In yet another large study, the methodological decisions became unclear when the authors excluded the category of women who had symptoms of depression combined with symptoms of anxiety. The reasoning seemed to be that women should show only one or the other form of the disorder, again something that is not entirely clear and runs counter to modern diagnostics, which treats the respective diagnoses as two sides of the same psychological coin. In adolescents who have the strongest association between depression and hormonal contraceptives (and as data suggests, persisting and irreversible), it is a common occurrence to experience depression coupled with anxiety. But again, why are such choices made in research that should be sensitive and not omissive of the very experience they are striving to study?
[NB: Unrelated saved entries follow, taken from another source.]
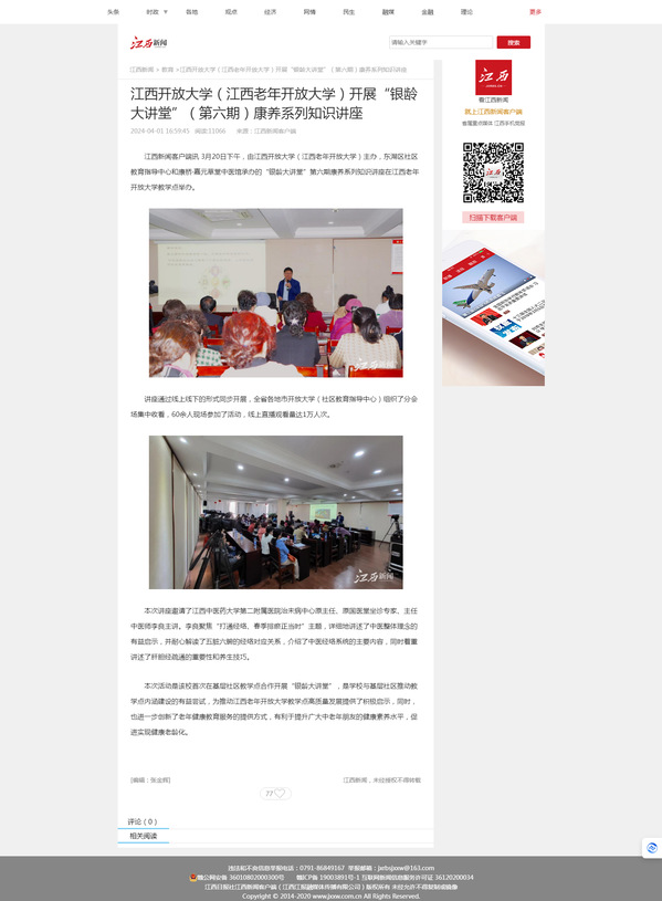 3月20日下午,由AC米兰中文官方网站(江西老年开放大学)主办,东湖区社区教育指导中心和康桥·嘉元草堂中医馆承办的“银龄大讲堂”第六期康养系列知识讲座在江西老年开放大学教学点举办。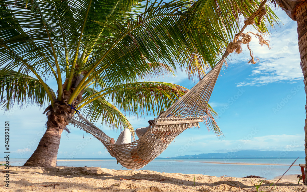 Relaxed woman swinging in a hammock at sand beach of Thailand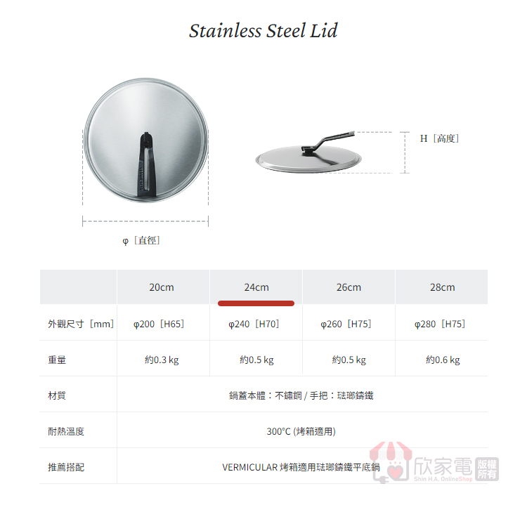 日本 Vermicular 24CM琺瑯鑄鐵平底鍋 專用不鏽鋼鍋蓋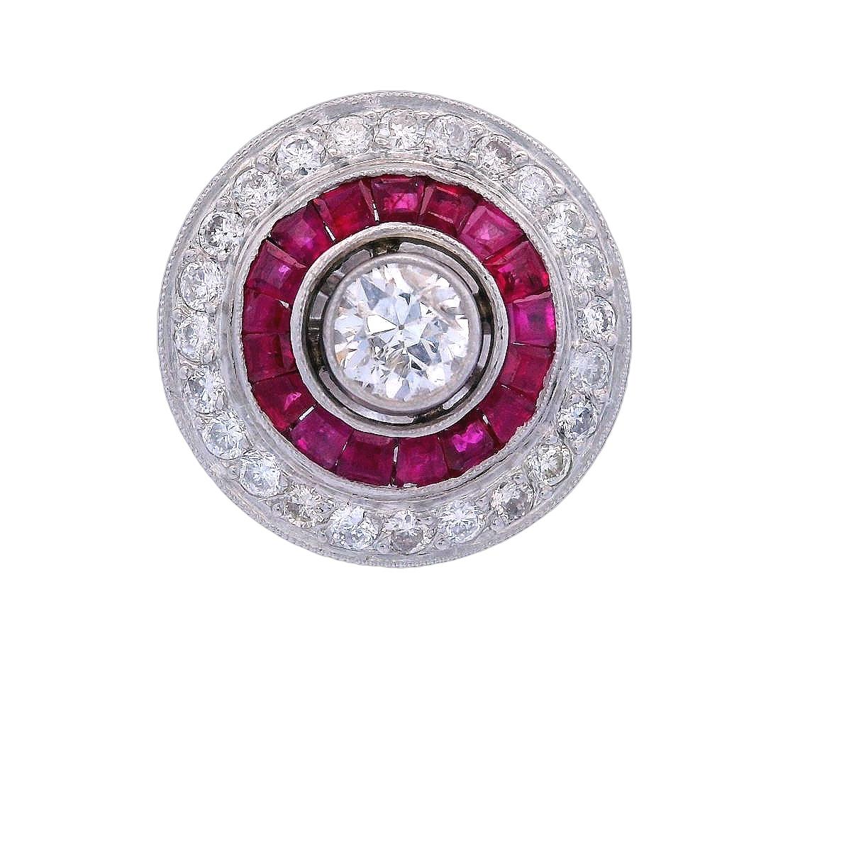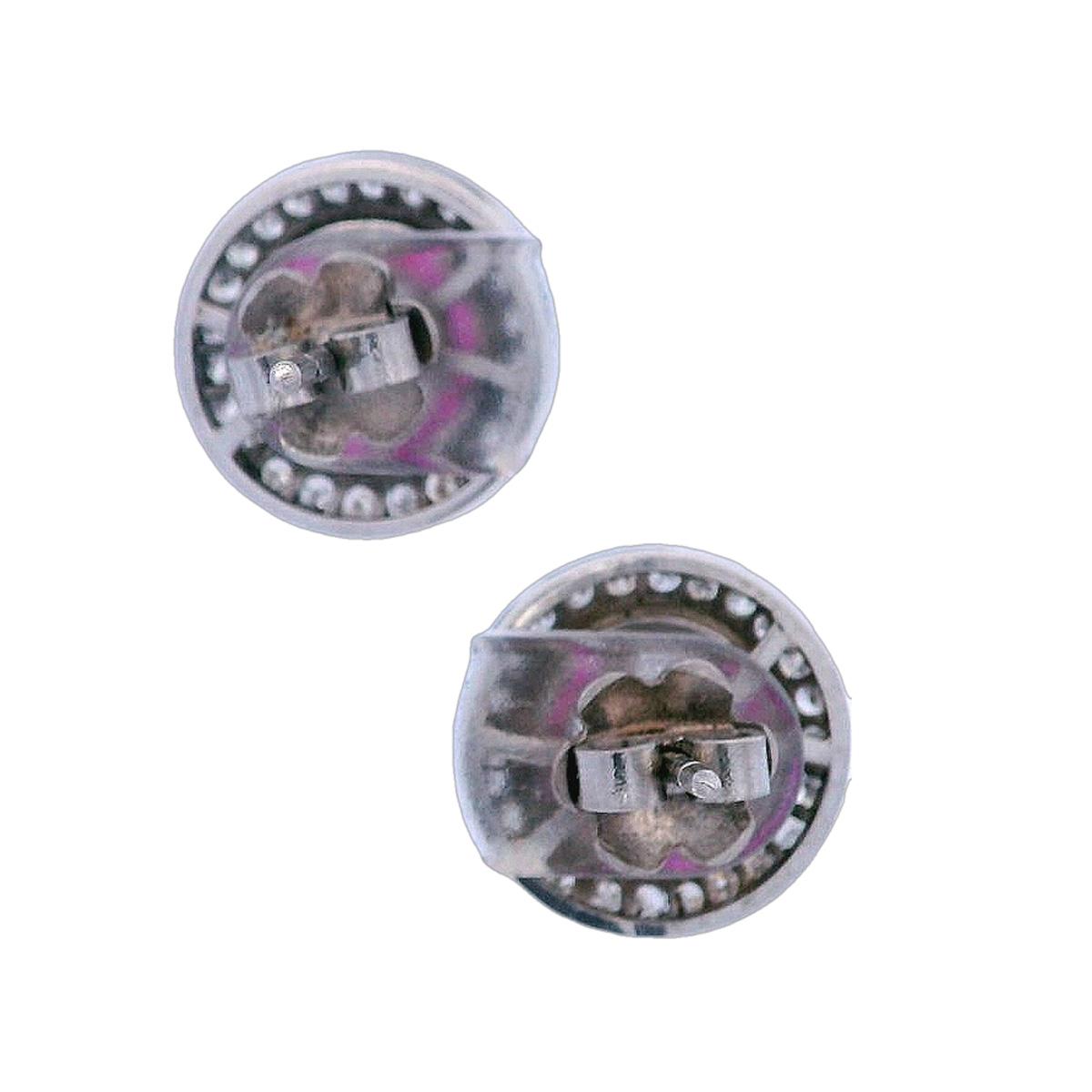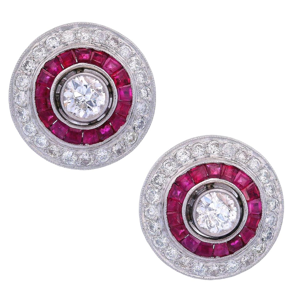 The earrings are beautifully accented with 50 round-cut diamonds, totaling around 0.50 carats, which are graded as colorless, adding an extra layer of brilliance and elegance. To enhance their luxurious appeal, the design also incorporates square-cut rubies weighing approximately 0.40 carats, offering a striking contrast and vibrant pop of color.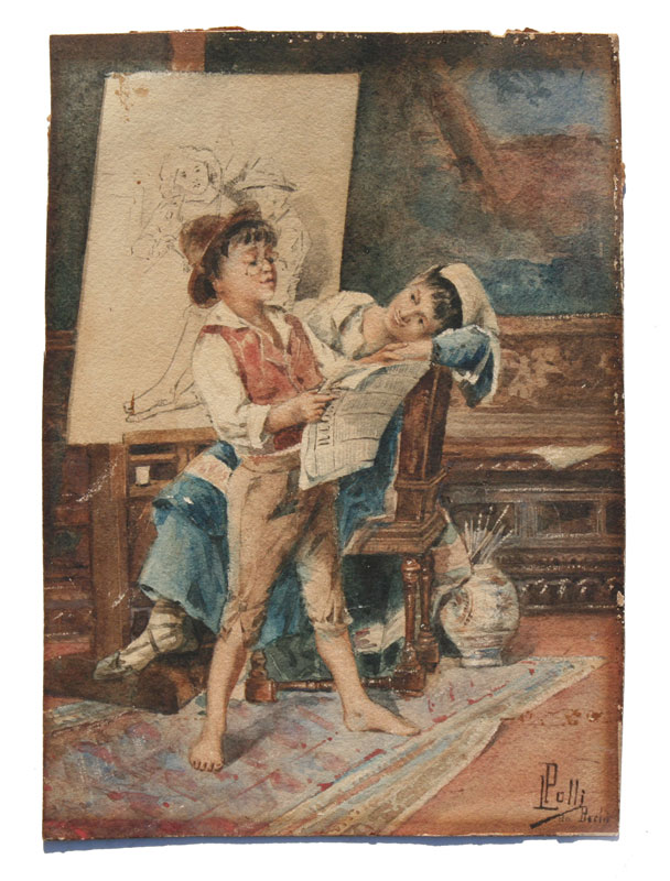 BECHI, L. Polli Da, (Italian, 1830-1919): Children in the Artist Studio, 10'' x 7 1/4'', signed, unframed.
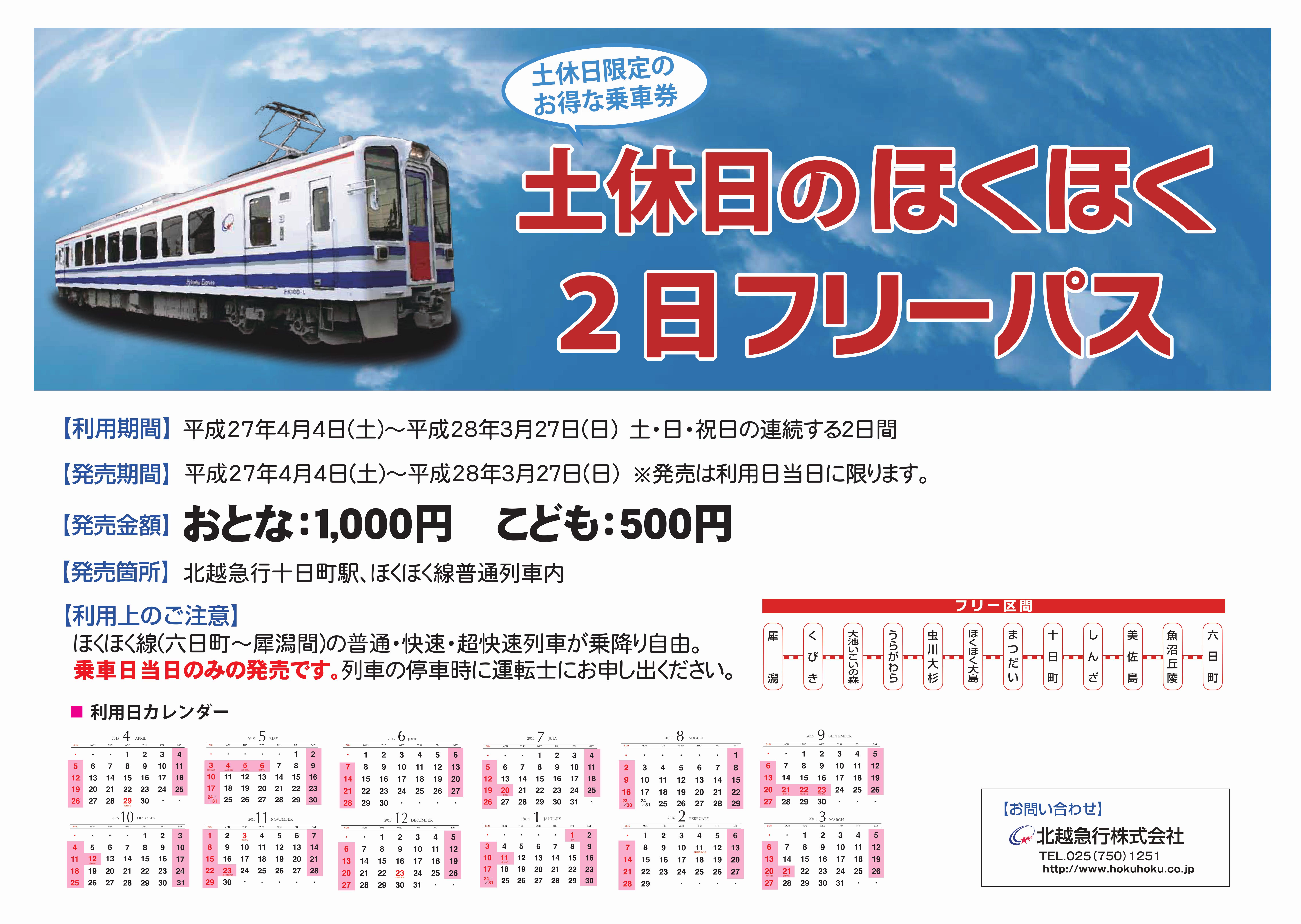 明日4月4日より「土休日のほくほく2日フリーパス」が発売になります。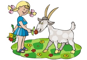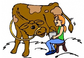 Kuh, Ziege, Oma, Gänse, Milchkanne und Glas. |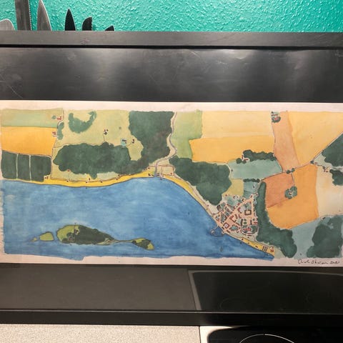 Akvarel, Niels Johan Udby, motiv: Landskab, b: 71 h: 51, Strand på Fyn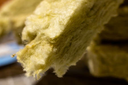 Mineral stone basalt wool. Modern insulation of buildings. Creative vintage background. Plate material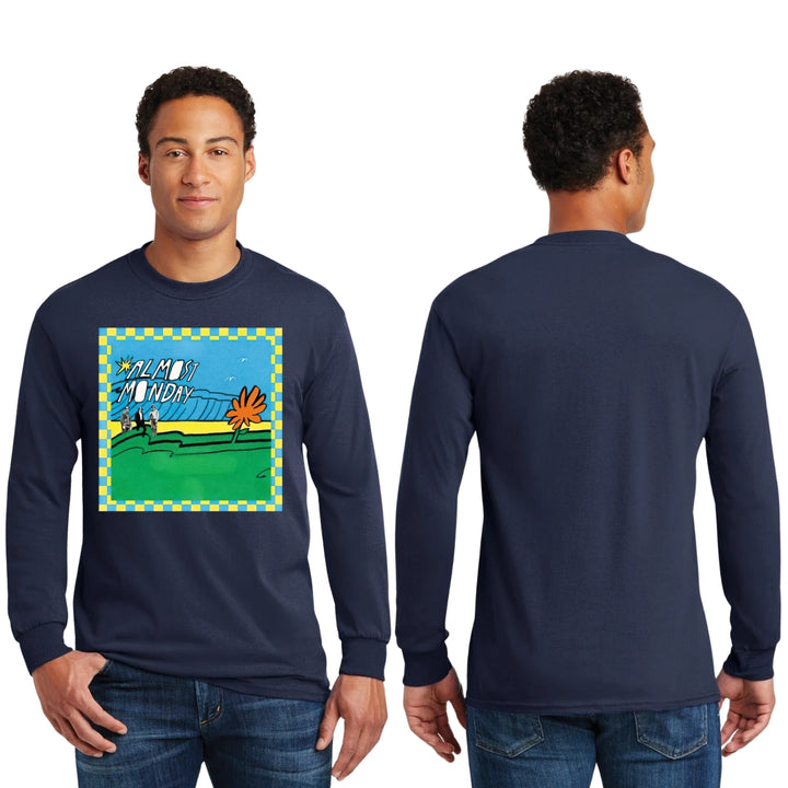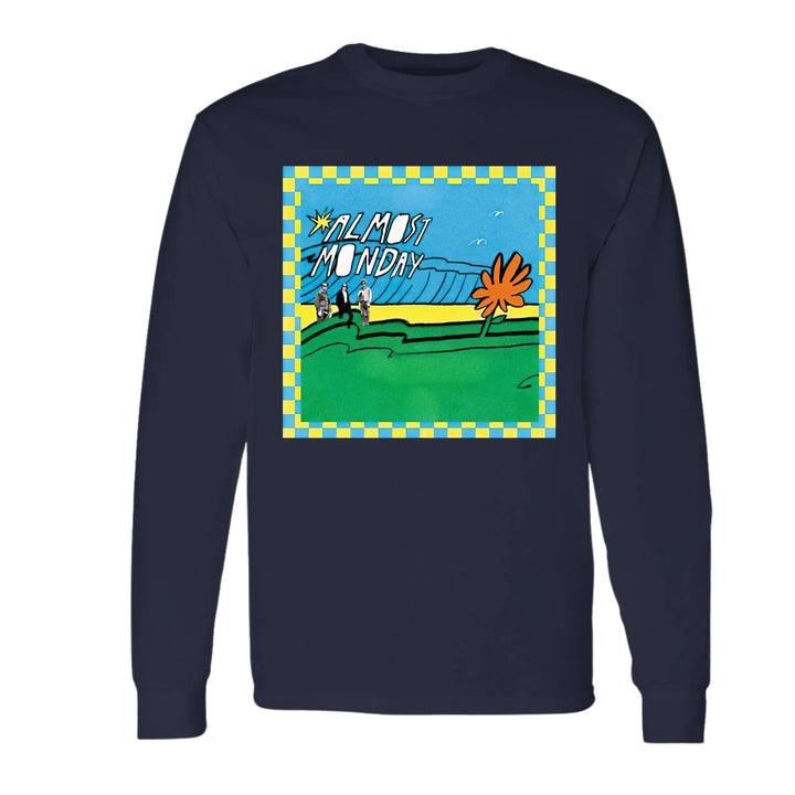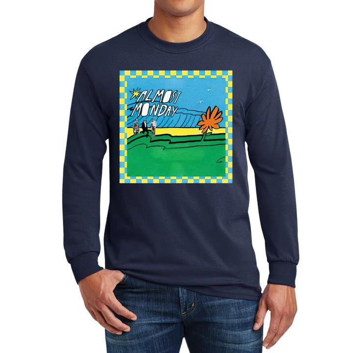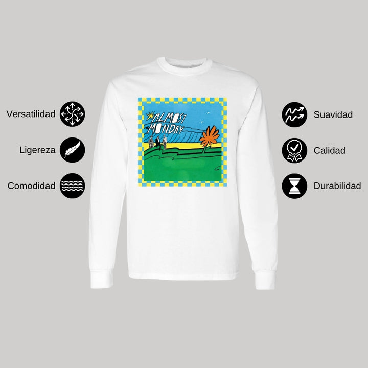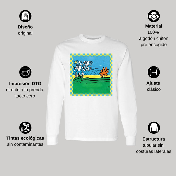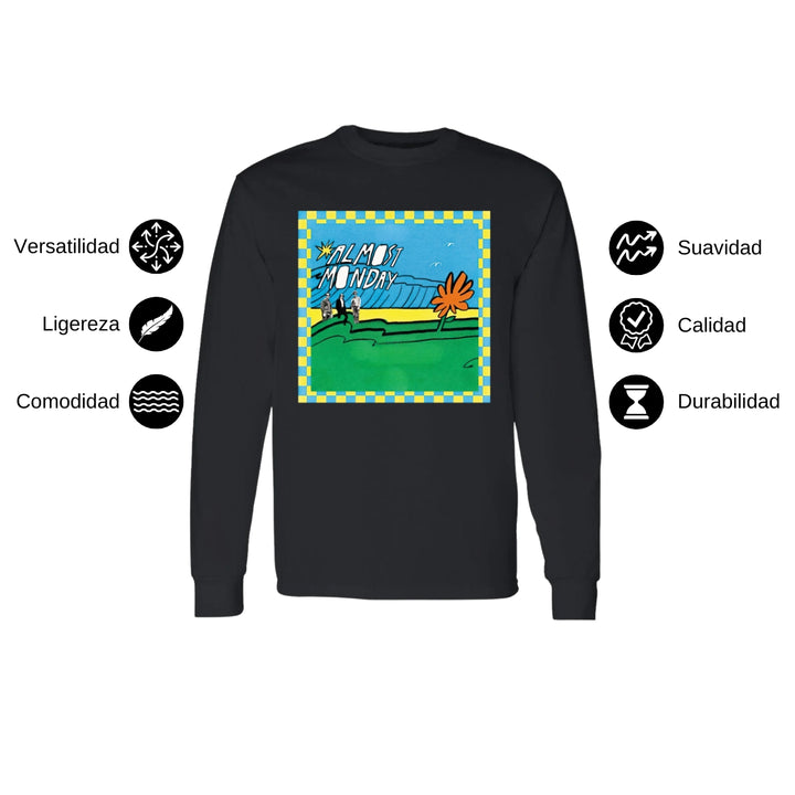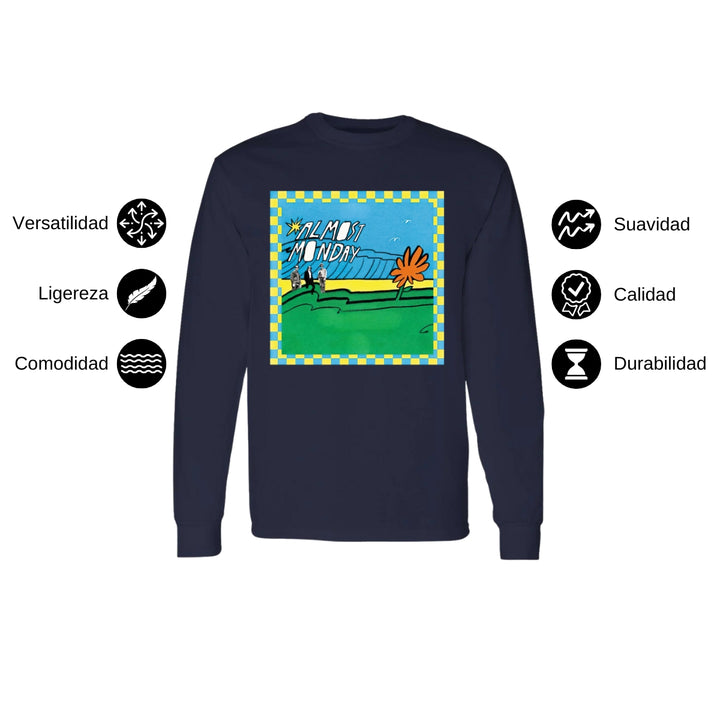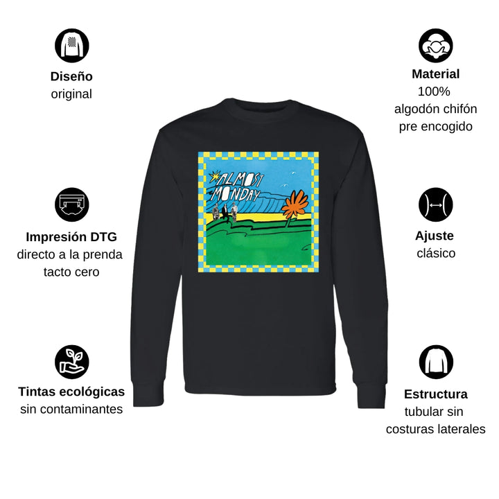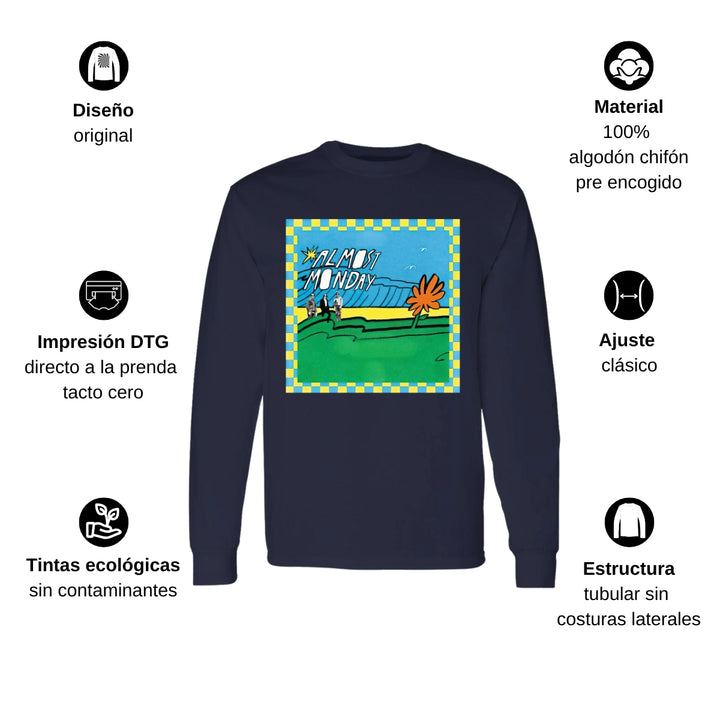 Playera de adulto manga larga, cuello redondo para hombre nueva, diseño Almost Monday Tour original impreso con tecnología DTG (directo a la prenda) tacto cero, uso casual o deportiva, 100% algodón chifón pre encogido, estructura tubular sin costuras laterales. Colores de camiseta para caballero: Negro, Blanco, Azul Marino.

Our meta-analysis was not the first, but the second in the world on this topic. A group of researchers had already performed a meta-analysis in 2021 using a type of statistical method that, for reasons too complex to list here, is completely inappropriate for the data studied. For example, the authors in this meta-analysis made statistical conclusions, unsupported by the data – the authors claimed: “We provide quantitative evidence on experimental data that hormonal contraceptive use is relatively safe regarding the effect on depressive symptoms”, but the authors provided no evidence on the safety of hormonal contraceptives because they did not analyse any safety data! This sort of ambiguity should have been picked up by the reviewers at the least.
If we consistently apply the principles that are not favourable to human experience and wellbeing, and even negate them, we only drive ourselves deeper into confusion and to put it bluntly – “hell”. It has been over 60 years since the pill was first created, and the evidence for hormonal contraception causing a great deal of mental and physical suffering to many of its users is incontrovertible and overwhelming. In the words of Viktor Frankl, “The ultimate freedom given to human beings, at any moment in life, is one’s attitude in any given circumstances. Life is not primarily a quest for pleasure, as Freud believed, or a quest for power, as Alfred Adler taught, but a quest for meaning.” What, then, is the meaning of pretending we cannot see the extent of true suffering for contraceptive users? If we didn’t pretend up until now, we could have been at a different reality of contraceptive science. And this is how I see that “spirituality and science as one”.
Our meta-analysis is due for submission in The Lancet Obstetrics, Gynaecology, & Women’s Health in May 2025.